- Born: 26 November 1870 Bishops Cannings, Wiltshire, England
- Died: 21 May 1956 (aged 85) Isleworth, England
- Education: University of Oxford
- Occupation: Author
- Spouse: Horace Middleton Vernon
- Children: Magdalen Vernon, Philip Vernon
- Writing career
- Language: English
- Subject: Italian history

= Dorothea Ewart =

British historian (1870–1956)

Katharine Dorothea Ewart (26 November 1870 – 21 May 1956) was a British historian and author of books on Italian history.

==Early life==
She was born at the vicarage in Bishops Cannings, Wiltshire on 26 November 1870, the daughter of William Ewart (1818 – 1873), vicar of Bishops Cannings, and his wife, Katharine, née Matthews (1840 – 1918). After her father's death, her widowed mother settled in Bristol where Dorothea was educated at Clifton High School for Girls. She won a Clothworkers' scholarship at Somerville College, Oxford, where she took first-class honours in modern history in 1893. She served as secretary for the Oxford Association for Mental Welfare.

== Family ==
On 12 December 1899, she married Horace Middleton Vernon, an Oxford scholar of physiology.
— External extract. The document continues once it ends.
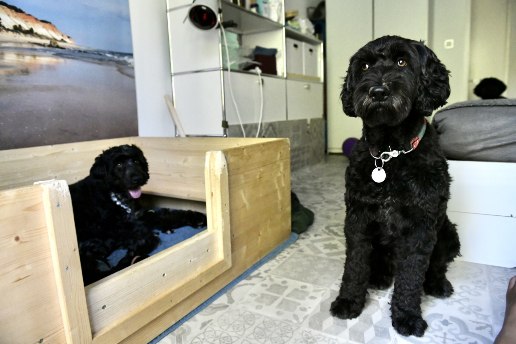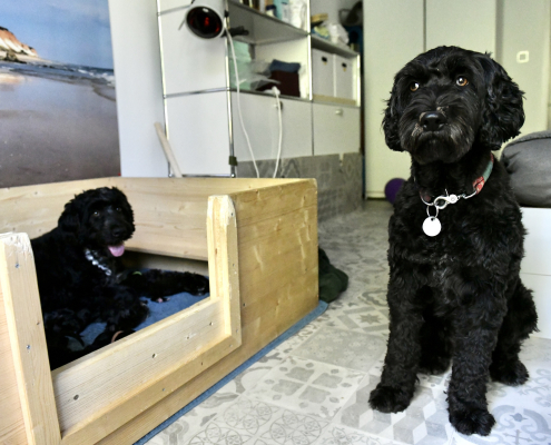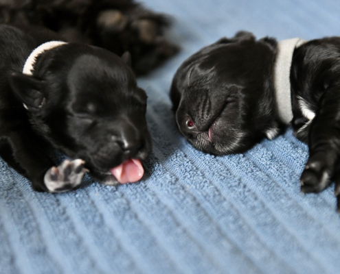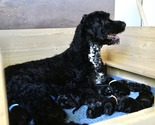 Interessant und neu für uns ist die Situation, dass wir neben der Mutterhündin ja auch noch zwei andere Hunde haben. Wie werden die auf diese neue Situation reagieren? Wir haben zum Glück den Komfort, dass unser Sohn jederzeit und gerne unsere Lola und unseren Hannibal zu sich nimmt. So haben wir das auch bei der Heimkunft nach dem Kaiserschnitt gehandhabt, so dass Greta vor jedem weiteren potentiellen Stress bewahrt blieb. Am folgenden Tag aber wagten wir ein erstes Zusammentreffen. Es war unglaublich interessant zu beobachten: Die beiden haben uns bei der Begrüßung komplett ignoriert, weil die vorherrschenden und für uns Menschen nicht erkennbaren Gerüche sie vollkommen in den Bann gezogen hatten. Nachdem sie sich ein bisschen beruhigt hatten, durften sie vorsichtig zu Greta in das „Welpenzimmer“: Hannibal war sehr skeptisch und unsicher zurückhaltend und wagte sich nicht näher als 3-4 Meter heran. Lola fand das alles aber unglaublich spannend und ging neugierig forsch auf die Wurfkiste zu, worauf Greta mit einem leisen dezenten Geräusch ihr klar machte, dass sie eine gewisse Distanzwahrung erwartet!

The couple settled in Oxford and had five children, of whom a son and three daughters survived to adulthood. Their eldest daughter Magdalen and their son Philip both later became eminent professors of psychology.

== Published works ==
Her first work was a biography of Cosimo de' Medici published in 1899 as part of Macmillan's Foreign Statesmen Series. In 1909 she published a survey of Italian history entitled Italy 1494–1790, part of the Cambridge Historical Series, which was reviewed as a welcome contribution to the subject. In 1909 she also wrote a short history of the Oxford University Museum with her husband. She coauthored Italy, Medieval and Modern, a History, published in 1917. Her final work was The Story of Italy, published in 1939.

== Death ==
She was widowed by her husband's death in 1951. She died in the mental hospital at Wyke House, Syon Lane, Isleworth, Middlesex, on 21 May 1956.